Comments (5)
riffing a bit more:
One of the values of an OCI distribution based service is the named/content addressable storage.
The blobs are details, but not the “human” interaction model
registry.io/namespace/artifact:tag
What would be interesting is how these names elements can be combined.
If a curl client want to pull binary, can it pass registry.io/namespace/binary:version
If the notation client is invoked, as a gate to a curl, it uses the same names reference: notation verify registry.io/namespace/binary:version
If a remote desktop video client wishes to get metadata, it can also use the same named reference.

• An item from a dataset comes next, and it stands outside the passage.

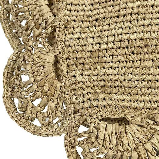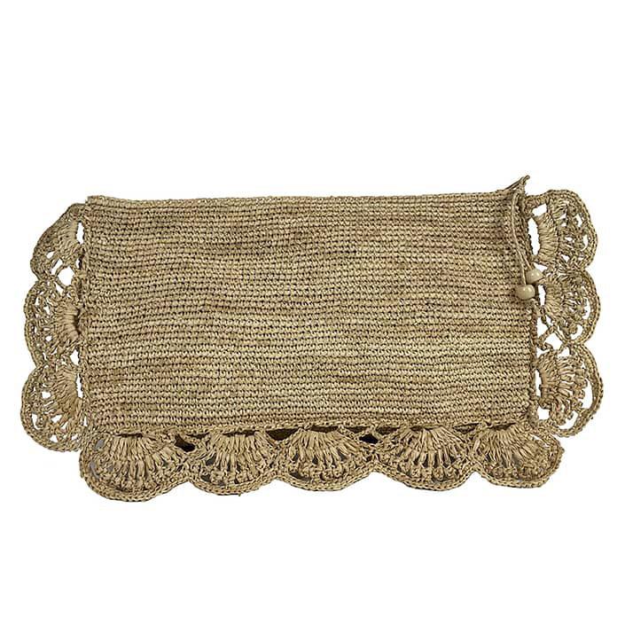 Our Toky clutch combines the double crochet stitch with a delicate flower ruffle – the zip keeps your belongings safe and the 100% cotton linen gives softness – hand harvested, hand made and woven from durable, sustainably harvested raffia fibers

The registry would serve a redirect to the content (blob) based on the type of request.
This model could preserve the common named reference, pointing at a manifest to describe the artifact. But also support the other scenarios like signatures, sboms and metadata.
Thoughts?
from artifacts.
The tag human notation is not flexible enough for this, it's probably better if we simply parse the manifests to find the blob URLs, and then construct associative "file URLs" that use the content address (digest) combined with a "human address" (file name + type) to pull the blob as a regular file that will be recognized by the browser.
The spec uses the following URL structure to pull blobs:
/v2/<name>/blobs/<digest>
Here is what I suggest:
/v2/<name>/files/<digest>/<filename>
So let's say you have a manifest that refers to a PDF presentation for which you now have the digest. You could pull the blob and open it in a PDF viewer, but if you try reading the blob directly in a browser, it will likely just download it instead of launching the built-in PDF viewer of the browser, and that's because it didn't have the correct mime type (application/pdf). Let's fix this with my suggestion:
/v2/<name>/files/<digest>/presentation.pdf
The OCI registry would use the last element of the URL as the file name, but serve the contents of the corresponding blob. With automatic mime types, ".pdf" can be served with "application/pdf" as the mime type, which should make it work inside the built-in PDF viewer of most browsers.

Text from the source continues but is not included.